■ **Work to complete**: Begin your copy at the line with "28 Nebengebäude, Dachboden, Dachkonstruktion" in the records below and end it at the line with "Presencia de edema oronasal.", restating each line word for word; omit the pictures.

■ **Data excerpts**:
○ ○ ○ ○ ○ ○ ○
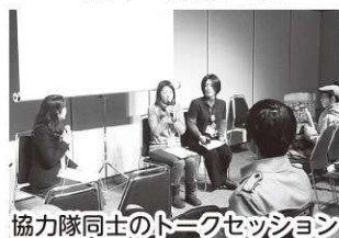
協力隊同士のトークセッション
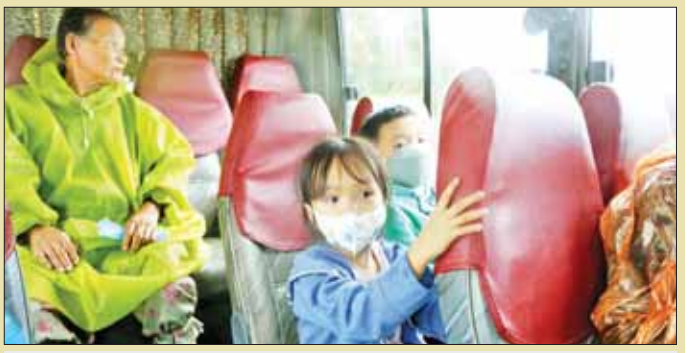
ဗီယက်နမ်နိုင်ငံအလယ်ပိုင်း ကောင်နမ်ပြည်နယ်တွင် မုန်တိုင်းကြောင့် သက်ကြီးရွယ်အိုနှင့်အတူ ကလေးငယ်နှစ်ဦးအား ဘတ်စ်ကားဖြင့် ဘေးလွတ်ရာသို့ ပြောင်းရွှေ့နေမှုကို တွေ့ရစဉ်။

သိရသည်။ ဗီယက်နမ်နိုင်ငံတွင် ဖြစ်ပွားသော သဘာဝ ဘေးအန္တရာယ်တစ်ခုစီတိုင်းက ကလေးငယ်များ၏ ကျန်းမာရေးကိုသာမက ၎င်းတို့၏ ဖွံ့ဖြိုးတိုးတက်မှု များကိုပါ သက်ရောက်မှုရှိသောကြောင့် ဆိုးရွားသော ရာသီဥတုအကျပ်အတည်းကို ကလေးငယ်များ အနေဖြင့် ပြင်းပြင်းထန်ထန် ထိတွေ့ခံစားနေရ ကြောင်း ဗီယက်နမ်နိုင်ငံဆိုင်ရာ ယူနီဆက်စ် ကိုယ်စားလှယ် ရာနာဖလောင်းဝါးစံက ပြောသည်။ ဆင်ယွာ
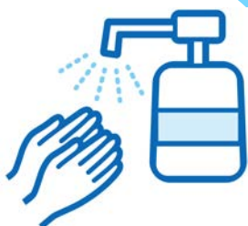
アルコール消毒の徹底
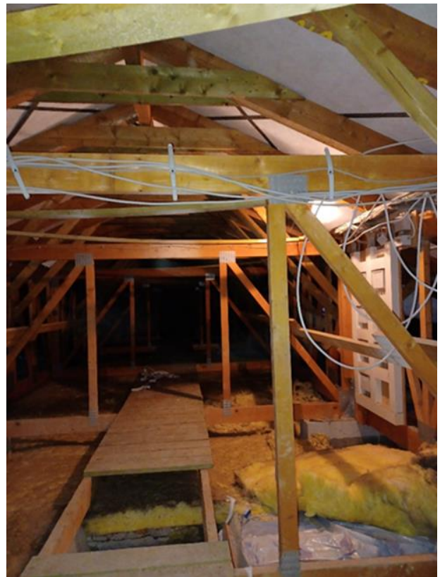
28 Nebengebäude, Dachboden, Dachkonstruktion (Errichtung ca. 1995)
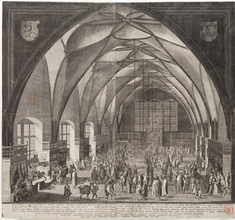
Beeld 3: De Wladislaw zaal (1607)
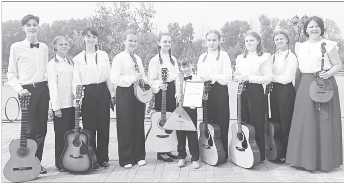
Ансамбль «Алегретто» на гала-концерте.

– Я считаю, что они нужны, поскольку показывают са-
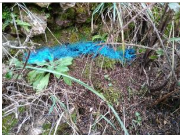
Dépôt en berge
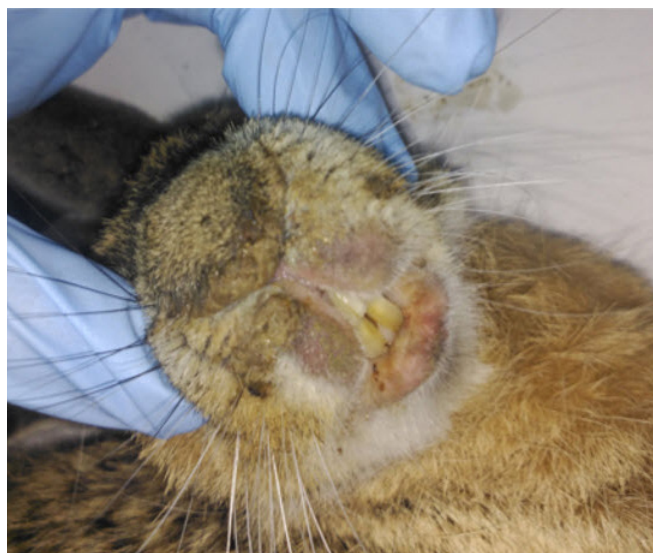
Presencia de edema oronasal.

una especie silvestre una importante proporción de liebres podría morir no por la enfermedad en sí, sino por no poder alimentarse debido a la pérdida de visión consecuencia de la blefaroconjuntivitis, siendo además animales mucho más susceptibles de ser depredadas.
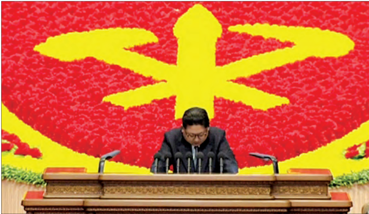
အလုပ်သမားပါတီကွန်ဂရက်အစည်းအဝေး၌ ကင်ဂျုံအန်းမိန့်ခွန်းပြောကြားနေစဉ်

သို့ပေမယ့်လည်း ချူကလီးယားလက်နက်နိုင်ငံတွေအနေနဲ့ သူ့နိုင်ငံရဲ့ အချုပ်အခြာအာဏာကို ထိပါးစော်ကားခြင်းမရှိဘူးဆိုရင် ချူကလီးယားလက်နက်ကို ထုတ်သုံးမှာမဟုတ်ဘူးလို့ မြောက်ကိုရီးယားခေါင်းဆောင်ကင်ဂျုံအန်းက ထုတ်ဖော်ပြောဆိုလိုက်ပါတယ်။ သူ့နိုင်ငံဟာ ချူကလီးယားအရေးထက် နိုင်ငံစီးပွားရေး ပြန်လည်ဦးမော့လာစေဖို့ ငါးနှစ်တာစီးပွားရေးစီမံကိန်းတစ်ရပ်ချမှတ်ဖော်ဆောင်သွားမယ်လို့ ကင်ဂျုံအန်းက ဆိုပါတယ်။
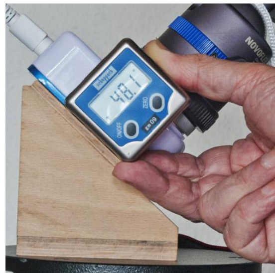
Bild 4 Kontrolle der Polhöhe mit einer digitalen Neigungswasserwaage
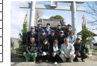
八社神社の門松づくり
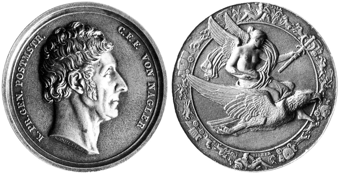
Abb. 10: HFB, Generalpostmeister von Nagler, 1837 Guss, Bronze versilbert, 78 mm
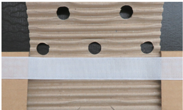
設置前のワクモホーム
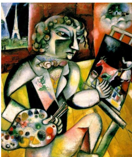
Рис. 2 Марк Шагал. Автопортрет с семью пальцами.

В этой картине, также, как и в предыдущей, он смешивает в единое целое и актуальный биографический факт, и новые течения французской живописи, и иконописные традиции. Но здесь возникает и его этнокультурный фон – происхождение из Витебска, из «стены» проявляются еврейские надписи в верхней части работы [6].
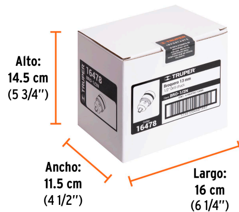
Contiene: 6 piezas
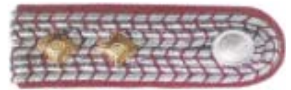
Abb. 8 Oberbrandmeister
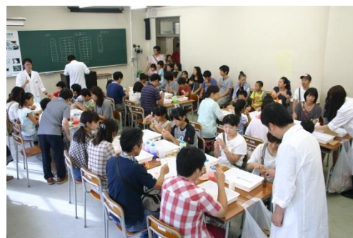
《 プルプルゼリーの芳香剤 》 高吸水性ポリマーで芳香剤を作ろう！
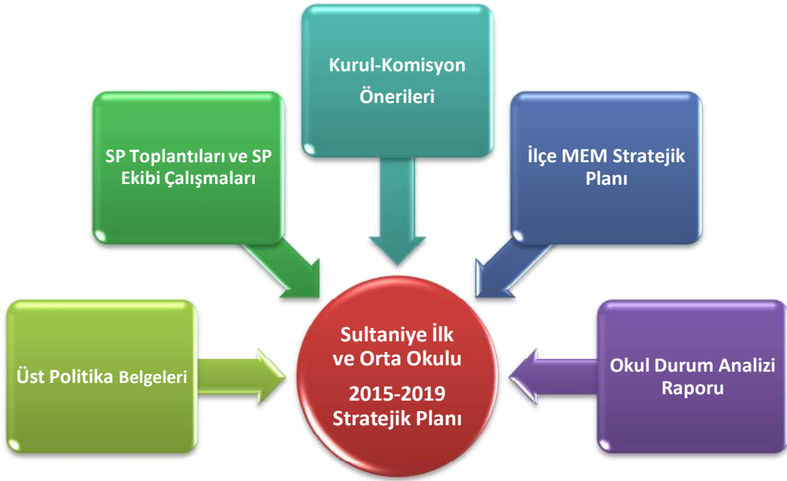
Şekil 1: Stratejik Plan (SP) Oluşum Şeması
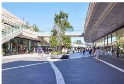
リボンストリート①
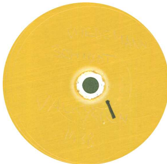
Desværre er det ikke muligt at læse etiketten, hvor oplysningerne er ridset ned.
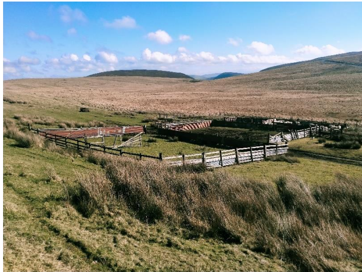
Ffigur 4: Corlannau Trin Mawrth 2024

Rheolwr Asiant Cynorthwyol ac Eiddo Swyddfa Ystad Elan Rhif Ffôn 01597 810449 E-bost: charis@elanvalley.org.uk
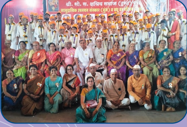
सामूहिक उपनयन संस्कारात सहभागी बटू व संत्रिका गट
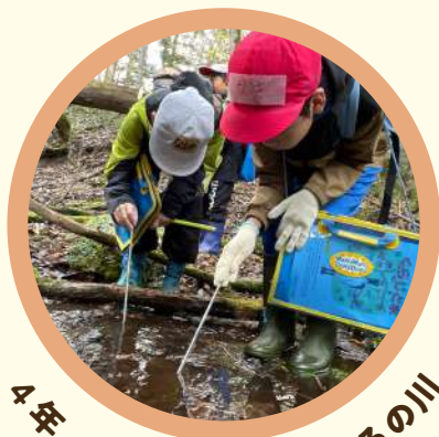
4年 ぼくらの川、くしろの川
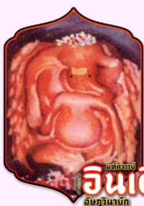
มณฑลธรรม อินเดีย อิชฏวานายก
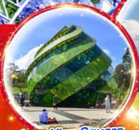
Lam Vien Square
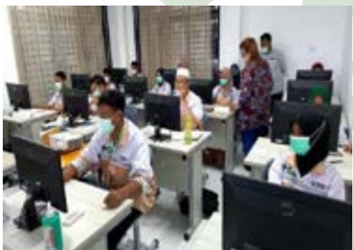
Kegiatan Pelatihan di BLK Komunitas Ponpes Saifullah
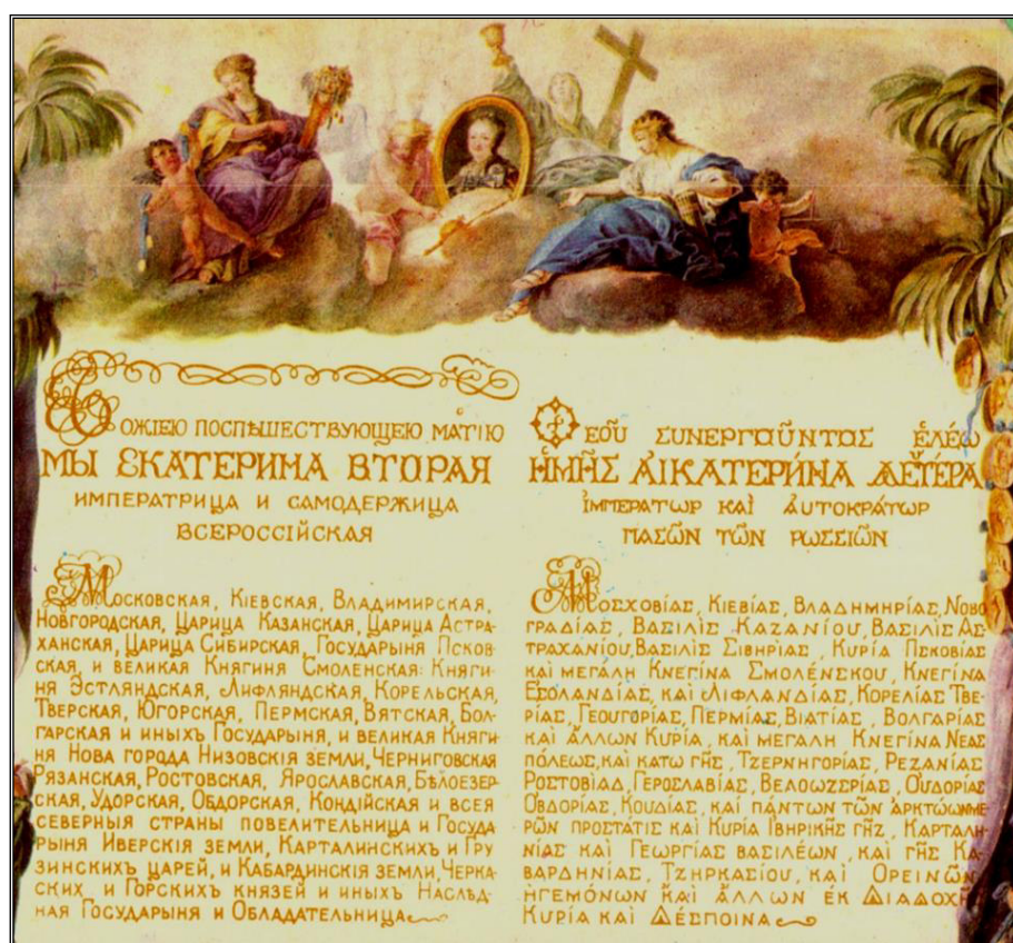
Рис. 1. Жалованная грамота императрицы Екатерины II приазовским грекам (фрагмент первой страницы)

За тридцать лет, прошедших после поселения греков, они не смогли заселить все столь щедро дарованные им Екатериной II земли, часть их сдавалась в аренду или использовалась греками, оставаясь пустошью, под пастбища для овец. На это обратил внимание таганрогский градоначальник барон Б. Б. Кампенгаузен, предложив 7 марта 1808 г. министру внутренних дел империи изъять незаселенные и пустующие земли мариупольских греков. Министр счел предложение разумным, и только указ Александра I (9 июня 1808 г.) отсрочил решение вопроса об изъятии на три года, дав грекам возможность заселить и освоить их остававшиеся пустующими земли [7, с. 106–108]. Понятно, что за это ограниченное время количество греческих селений существенно увеличиться никак не могло, но весной 1811 г. греки, например, основали с. Новый Керменчик (сейчас – с. Новомлиновка Розовского района Запорожской области) [18, с. 44].
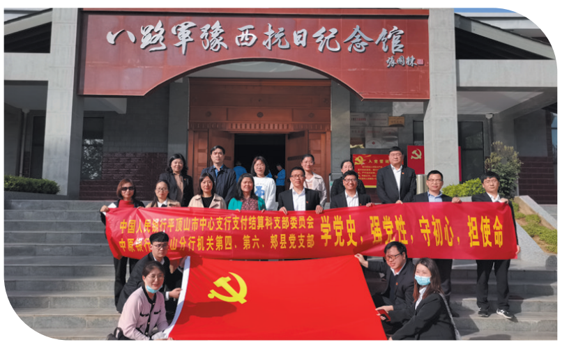
开展“学党史、强党性、守初心、担使命”党史学习联学联建活动

近年来，中原银行平顶山分行以坚持党的领导为准则，以强化风险防控为导向，主动承担社会责任，助力我市基础设施和城镇化建设，全力支持地方经济发展。
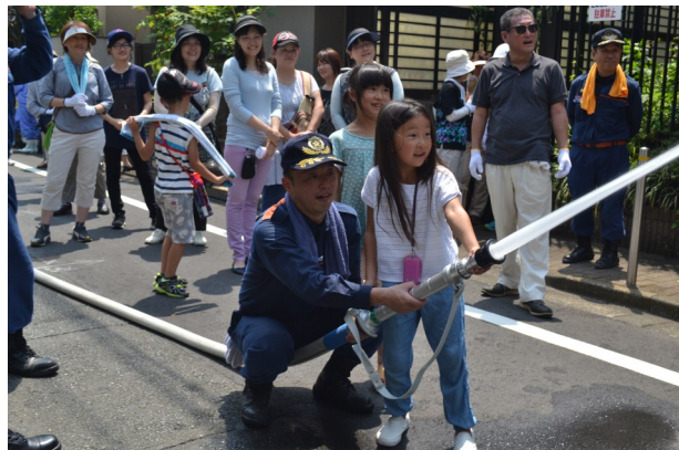
荏原消防団第六分団の皆さんに指導して頂きました
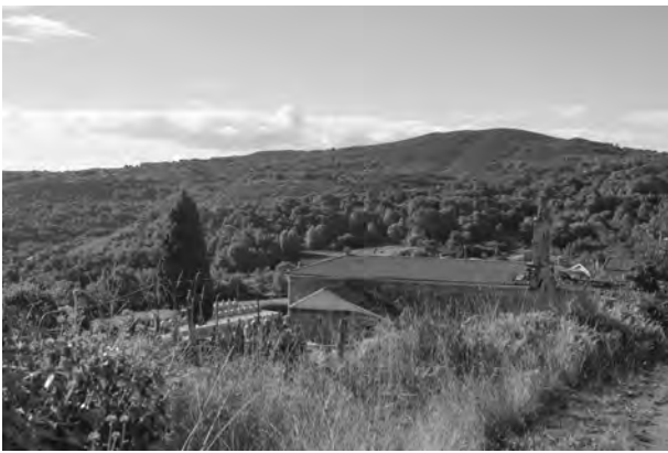
Casa da Neve

Pois ben, imos logo examinar ese círculo de montañas, ese val tan verde e florido onde chantan as brancas casas da vila de Vilanova, vila de grande sona, e da que asoma tan antiga e magnífica torre.
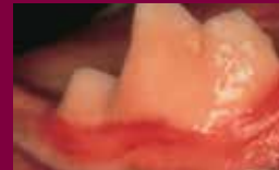
Formación extensa de placa y sarro
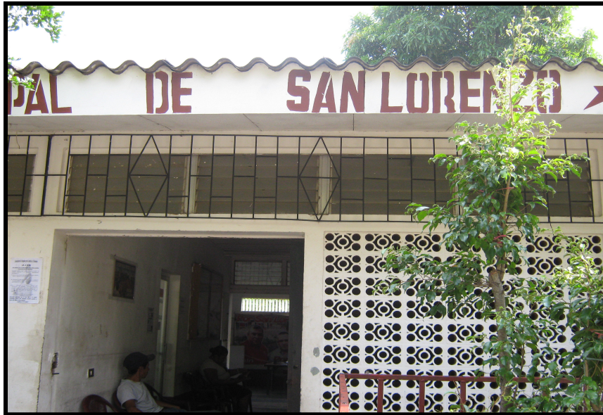
VISTA DEL EDIFICIO MUNICIPAL DE SAN LORENZO.
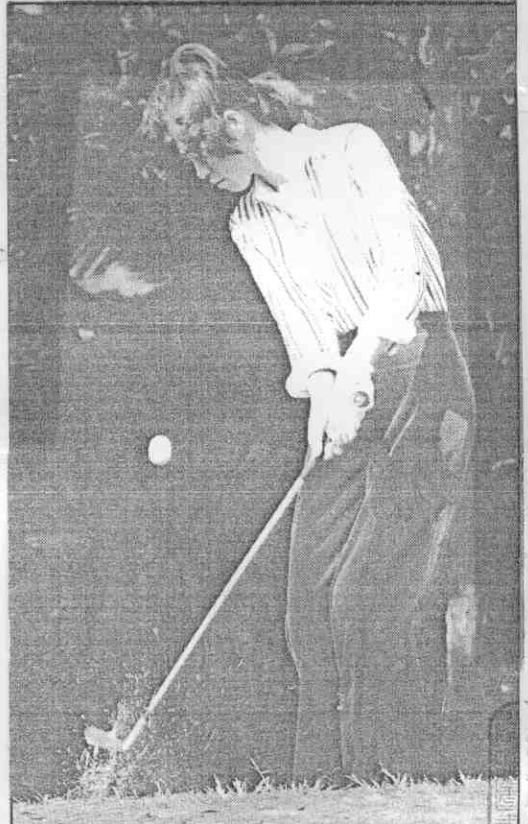
羣先領桿三十七出擊天昨月明吳將名球高子女。英
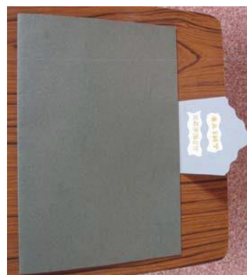
LANGUETTE – RECTO
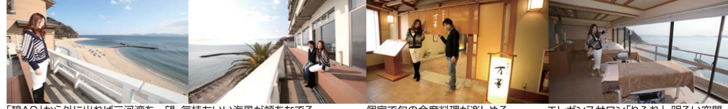
「碧AO」から外に出れば三河湾を一望。気持ちいい海風が頬をなでる。 個室で旬の会席料理が楽しめる。 エレガンスラロン「りふれ」。明るい空間。
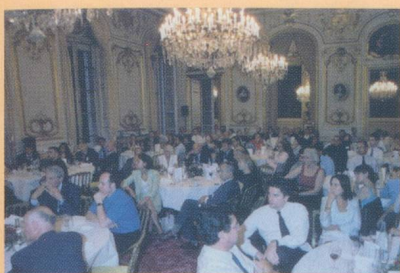
Dîner prestige au Sénat
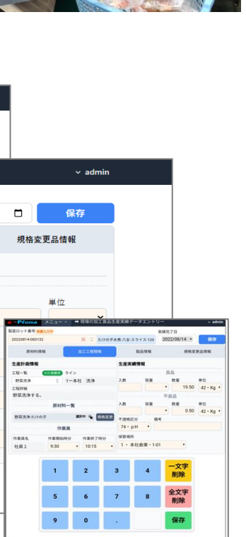
製造ロット番号 払い出し
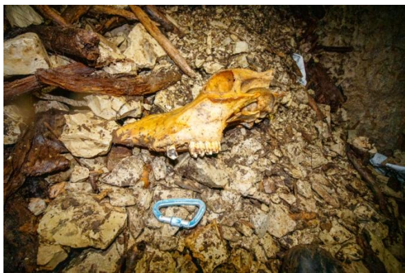
Ebolis au fond du gouffre
○ ○ ○ ○ ○ ○ ○
■ **Exercise answer**:
28 Nebengebäude, Dachboden, Dachkonstruktion (Errichtung ca. 1995)
Beeld 3: De Wladislaw zaal (1607)
Ансамбль «Алегретто» на гала-концерте.

– Я считаю, что они нужны, поскольку показывают са-
Dépôt en berge
Presencia de edema oronasal.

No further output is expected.